Professionals such as lawyers, accountants and tax specialist were then brought in to make sure nothing was overlooked. Their role was to identify anything that could end up being a problem in the merger.

“The key players in the transaction at both companies talked to each other almost every day,” Harvey says. “We didn’t want to leave any questions unanswered. We put our hearts and souls into it, it was very emotional at times. A business merger also means merging people and values. There’s a lot of negotiation, a lot of unspoken words, a lot of perceptions. You have to talk to each other and make a lot of compromises.”

For example, an agreement had to be reached on who would run the new company. Investment firm SeaFort Capital had been the majority shareholder of Mecfor since Harvey’s purchase of the company. It was agreed that SeaFort Capital would also be the majority shareholder of the merged company.
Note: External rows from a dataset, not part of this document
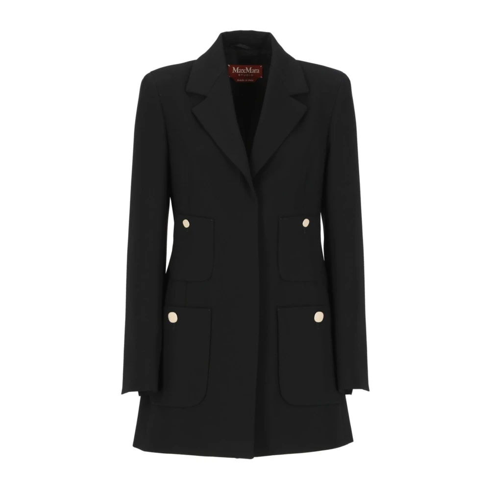 Upgrade je stijl met deze Max Mara Studio single-breasted blazer. Gemaakt van luxe wol crepe, deze blazer heeft een piek reverskraag, lange mouwen met knopen op de manchetten en opgestikte zakken aan de voorkant. Het gevoerde model heeft een centrale split aan de achterkant en sluit met een enkele metalen knoop.
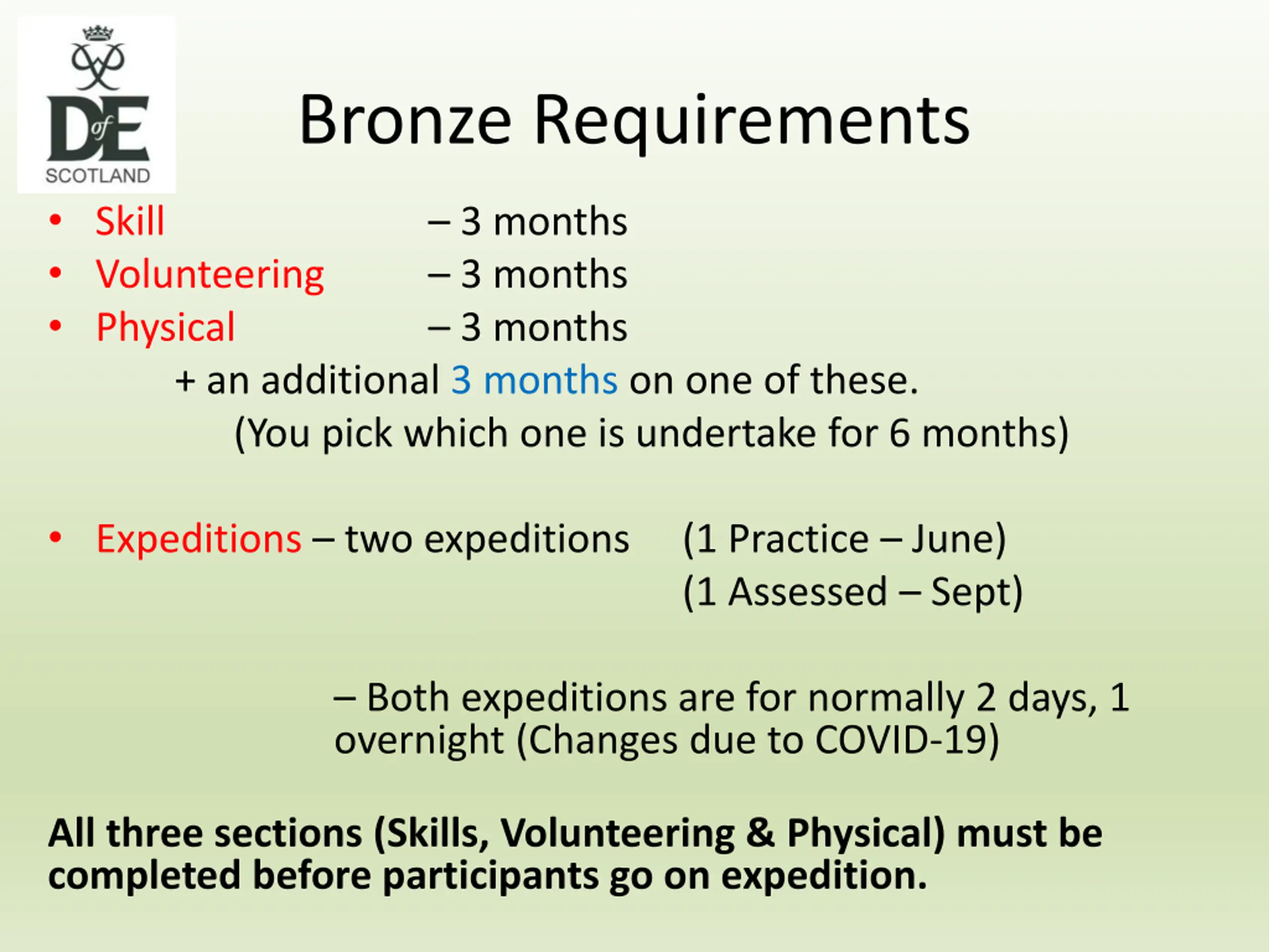 Bronze Requirements Skill Volunteering Physical + an additional 3 months on one of these. (You pick which one is undertake for 6 months) 3 months 3 months 3 months Expeditions two expeditions (1 Practice June) (1 Assessed Sept) Both expeditions are for normally 2 days, 1 overnight (Changes due to COVID-19) All three sections (Skills, Volunteering & Physical) must be completed before participants go on expedition.
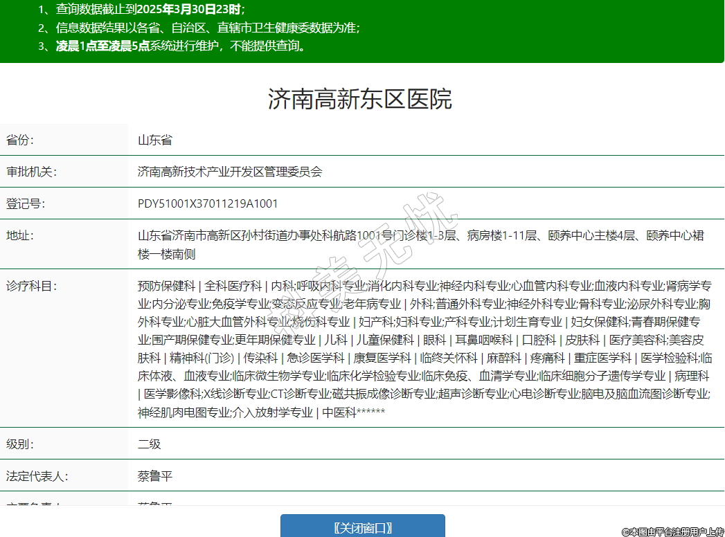 山東省濟南市高新區(qū)孫村街道辦事處科航路1001號門診樓1-3層、病房樓1-11層、頤養(yǎng)中心主樓4層、頤養(yǎng)中心裙樓一樓南側(cè)
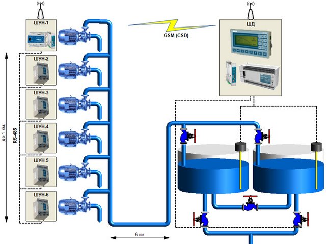 АСУ осуществляет работу насосов артезианских скважин, которые находятся на расстоянии 6 км друг от друга, при этом насосы находятся между собой на расстоянии 100-150 метров и между ними проложен информационный кабель (витая пара). Управление включением насосов осуществляется через насосную станцию. АСУ состоит из главного шкафа управления насосами ШУН-1 и шести подчиненных ШУН-2…ШУН-6, а также диспетчерского шкафа ШД, управляющего работой всех остальных шкафов.
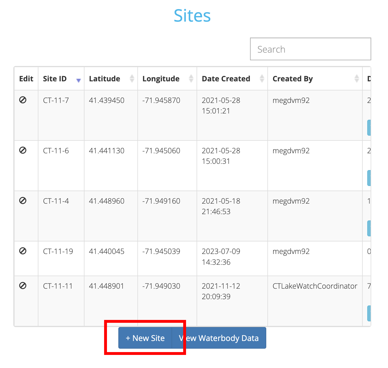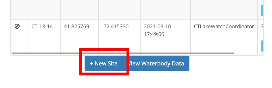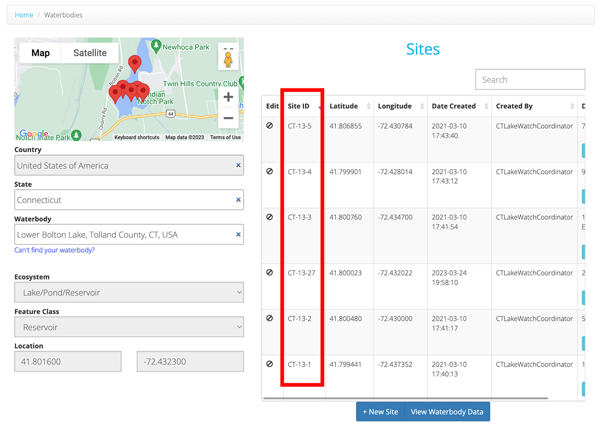 Once your waterbody has been selected, you should see a list of all current Sites for that Waterbody along with their geo-coordinates. You should also see the Sites as pins on the map. To create a new Site for the Waterbody, simply click the 'New Site' button.
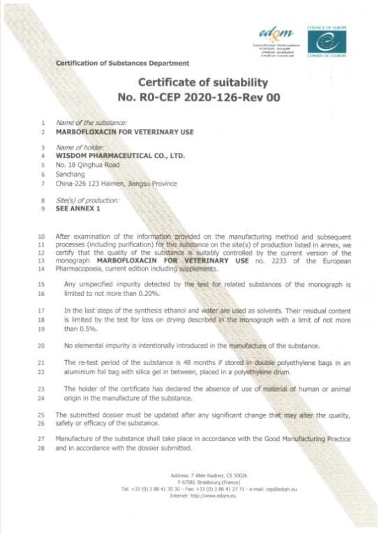 2021年9月21日,江苏完美(中国)药业有限公司通过EDQM的技术审批,获马波沙星CEP证书。

This private equity fund then allowed Mecfor to buy out most of the shares of two of the four Advanced Dynamics shareholders who were closer to retirement.
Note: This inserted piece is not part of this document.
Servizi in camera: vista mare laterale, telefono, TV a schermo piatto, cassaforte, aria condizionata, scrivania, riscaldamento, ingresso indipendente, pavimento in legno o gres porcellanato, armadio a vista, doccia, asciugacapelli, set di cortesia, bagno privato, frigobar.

Creating an integration office

BDC Advisory Services supported the two companies in their merger, notably by creating an integration plan for the first 100 days.

“We had our businesses to manage, so we needed support to force us to take the time to structure the integration, with specific actions to take, and to determine who would do what and when,” Harvey says.

This included preparing to break the news to employees. “Their working conditions had to be clear, and everyone had to understand the new governance system,” she explains.

A team of executives from both companies got together at the integration office, which is responsible for carrying out the initial 100-day integration plan. Its role will evolve once the merger between Mecfor and Advanced Dynamics is completed and the structure of EPIQ Machinery is well established.

“We are the first OEM in Quebec to reach the critical mass that allows us to develop shared services. These will enable us to become a magnet for other small businesses that will want to focus on what they do best,” Harvey says. “The integration office will target and welcome these companies.”

While EPIQ Machinery will have $55 million in annual revenues this year, that number is expected to rise to over $70 million in 2022 and $100 million in five years through organic growth and acquisitions.

“We want to bring out the best in our homegrown talent, and then make our work known and recognized at home and around the world by becoming an iconic Canadian company,” Harvey says.